Film Review: Once Upon a Time in VeniceThis charming, scruffy dog story pits a laid-back Los Angeles P.I. against a motley crew of lowlifes, wastrels and crooks…think 'Keanu' with a very cute pup.
Former—read "disgraced"—LAPD detective Steve Ford (Bruce Willis) has reinvented himself as a laid-back Venice Beach private eye and taken on a partner/protégé, John (Thomas Middleditch, of HBO's “Silicon Valley”), a wide-eyed Millennial who spends way too much time dictating rambling notes on his phone. Their business is light on the kind of brutal crimes that drive private dicks to drink and despair—leaving Steve ample time to warn local kids about staying away from hookers and drugs—and tends more to small-potatoes gigs like finding pretty Nola (Jessica Gomes), who's sick of her beefy brothers interfering in her sex life.
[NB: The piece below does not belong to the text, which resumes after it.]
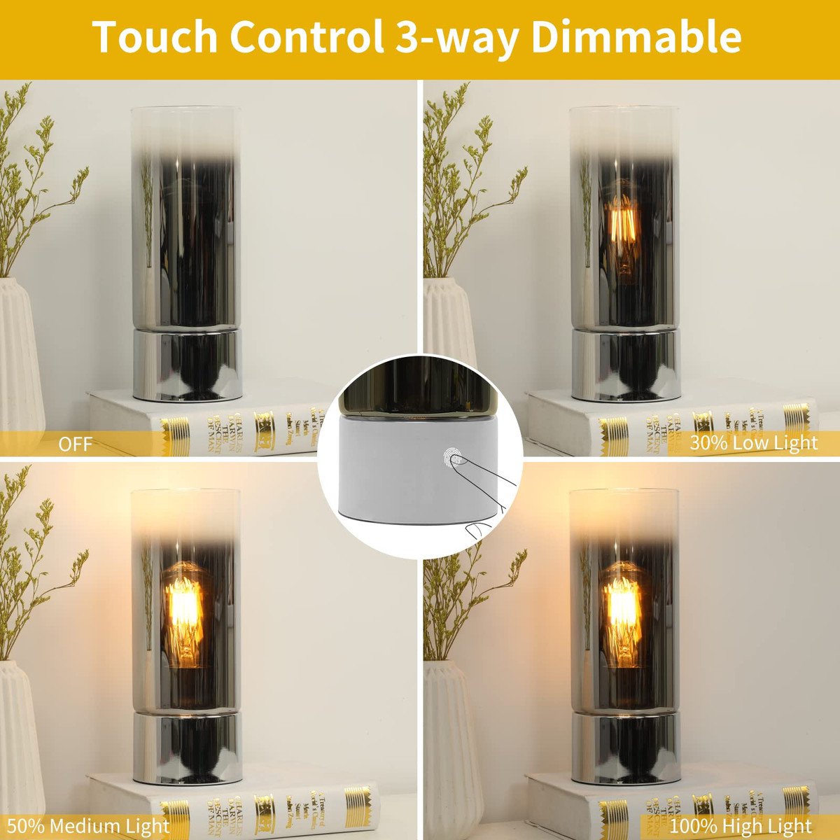 ?3-Way Dimmable Touch bed Lamp?This small side table lamp has 3-level brightness, you can quickly turn on/off and adjust the brightness by simply tap anywhere on the silver base. Nightlight for a steady sleep or nursing. Accent lamp for warm mood. Proper high comfortable brightness for studying or working.
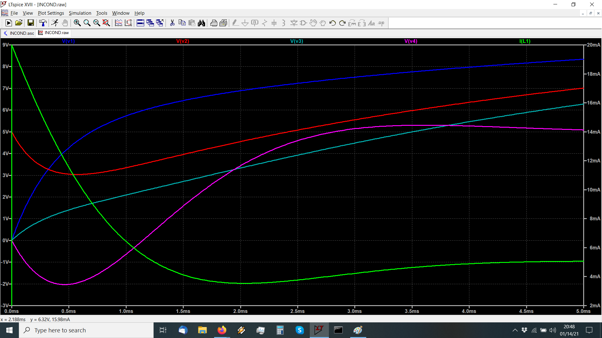 SI vede che le tensioni su tutti i condensatori sono nulle, tranne C2, ma questa tensione di 5V non si "propaga" su C3. Questa volta la condizione iniziale sull'induttanza e` presente, la corrente I(L) parte da 20mA, ma questa "corrente" non scorre da nessuna parte, non va a caricare inizialmente C4, che parte anche lui da tensione nulla.

Not exactly the lush life, but Steve's pretty cool with the way things are going until his Jack Russell Terrier, Buddy—a wriggling little bundle of canine adorableness—is dognapped by some local thugs. Guided by the unimpeachable life principle that no one should ever "fuck with a man's dog," he puts everything on hold to retrieve Buddy, by any preposterous means necessary.
For a brisk little action comedy, Once Upon a Time in Venice has a lot of plot that probably wouldn't hold up to close parsing but makes perfect slapstick sense as it unfolds. Sibling writer-directors Mark and Robb Cullen stuff it with colorful characters, including Steve's best friend, depressed surf-shop owner Dave Jones (John Goodman); gangbanger Spyder (Jason Momoa), who's not as a bad a guy as he makes out; ruthless Russian loan shark Yuri (Borat sidekick Ken Davitian, in a revealing swimsuit), who has a tiny soft spot for Steve; frenemy "Lou the Jew" Jewison (Adam Goldberg), a real-estate developer who needs help to salvage a major deal; graffiti artist Salvatore Lopez (Tyga), "the Banksy of Venice;" scheming gang-girl Lupe the Bitch (Stephanie Sigman), who lives to stir stuff up, and sundry hookers, henchmen and hangers-on, including Kal Penn as a sullen convenience-store owner. Oh, and Steve has a sister (Famke Janssen) and a niece (Emily Robinson), who really adores Buddy…they're just on hand to reinforce that for a laid-back lothario dude he's really pretty sweet.
Watching the frantic machinations is not unlike being trapped in a pinball game, but Once Upon a Time in Venice (even the title being a gag at the expense of epic explorations of sundry hearts of darkness) is good-natured and frequently quite entertaining in a rude kind of way. While its inventive mayhem contains something for just about everyone, it's not a flat-out family movie; between the candy-colored and graphically obscene murals defacing Lew's buildings, Steve's misadventures in a hotel favored by transgender prostitutes, and the lengthy sequence in which a naked Willis (and/or his stunt double) zips around the night streets on a skateboard with Nola's angry brothers in hot pursuit, adult anatomy lessons abound.
That said, while Once Upon a Time in Venice's love-it-or-leave-it-laid-backness militates against major theatrical success, it could be the next great hanging-at-home thing, a movie that plays to guys without driving off girls with its testosterone funk. And yes, the soundtrack has an unmistakable Pulp Fiction vibe, but it's damnably catchy nonetheless.